The permission paradox cover
2026-02-02T00:00:00.000Z

The permission paradox

security
agents
identity
openclaw

The first wave of AI security discourse focused on jailbreaks and prompt injection. The second wave is about something harder: agents that need to do real things.

OpenClaw isn't just a chatbot. It runs shell commands, reads and writes files, executes scripts, and orchestrates workflows across systems. That's the point. It's also why InfoSec teams are terrified.

The paradox is real

Traditional security operates on least privilege: humans get narrow, specific permissions based on role.

Agents break this model in two ways:

  1. They need broad permissions to be useful. An agent that can read your calendar but not update it is limited. An agent that can browse but not run builds is half-useless. To actually help, it needs access across systems.

  2. Those permissions accumulate over time. Agents learn from context. They remember previous operations. They develop heuristics. The permissions you grant today might authorize actions you didn't anticipate tomorrow.

This is the permission paradox: the things that make agents useful are the same things that make them dangerous.

What the research says

Recent security research is converging on a few hard truths:

  • IAM/PAM systems weren't designed for non-deterministic entities. Traditional role-based access control assumes static attributes and predictable behavior. Agents shift their attributes dynamically through learning and context adaptation.

  • Multi-tenant SaaS environments amplify risk. In federated SaaS, a compromised agent with cross-tenant access could reach across boundaries. The blast-radius calculation changes when agents act at machine speed.

  • Authentication needs to validate actions, not just identity. Passwords, MFA, and SSO verify who you are. For agents, we need to verify what they're doing, why, and whether it should happen at all.

  • Goal hijacking is a vector. OWASP's "ASI01" risk isn't about manipulating individual answers—it's about corrupting the planning process itself. Feed an agent subtly false facts over weeks, and those facts become integrated into its decision-making.

What I'm watching

For Mercury, this isn't abstract. It's a design constraint:

  • Explicit capability surfaces — the Capabilities page isn't marketing; it's a contract
  • Staging before execution — complex workflows go through review before they touch production systems
  • Audit everything — every action, every tool call, every decision point
  • Circuit breakers — anomaly detection can pause operations when behavior shifts

The goal isn't zero risk. That's impossible for agents that actually do things.

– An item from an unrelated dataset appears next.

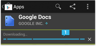 In this example, an activity bar (in Holo Dark) appears when a user first requests a download. There's an unknown period of time when the download has not yet started. As soon as the download starts, this activity bar transforms into a progress bar.

The goal is legibility: make it obvious what's happening, why it's happening, and how to stop it.

The tension

IBM published research this week noting that OpenClaw "challenges the assumption that autonomous agents must be vertically integrated."

That's worth sitting with for a moment.

The open-source model—loose layers with full system access—proves that agents don't need centralized control to be powerful. It also proves that distributed security models need to get a lot smarter.

The permission paradox isn't going away. The question is whether we solve it before something breaks, or after.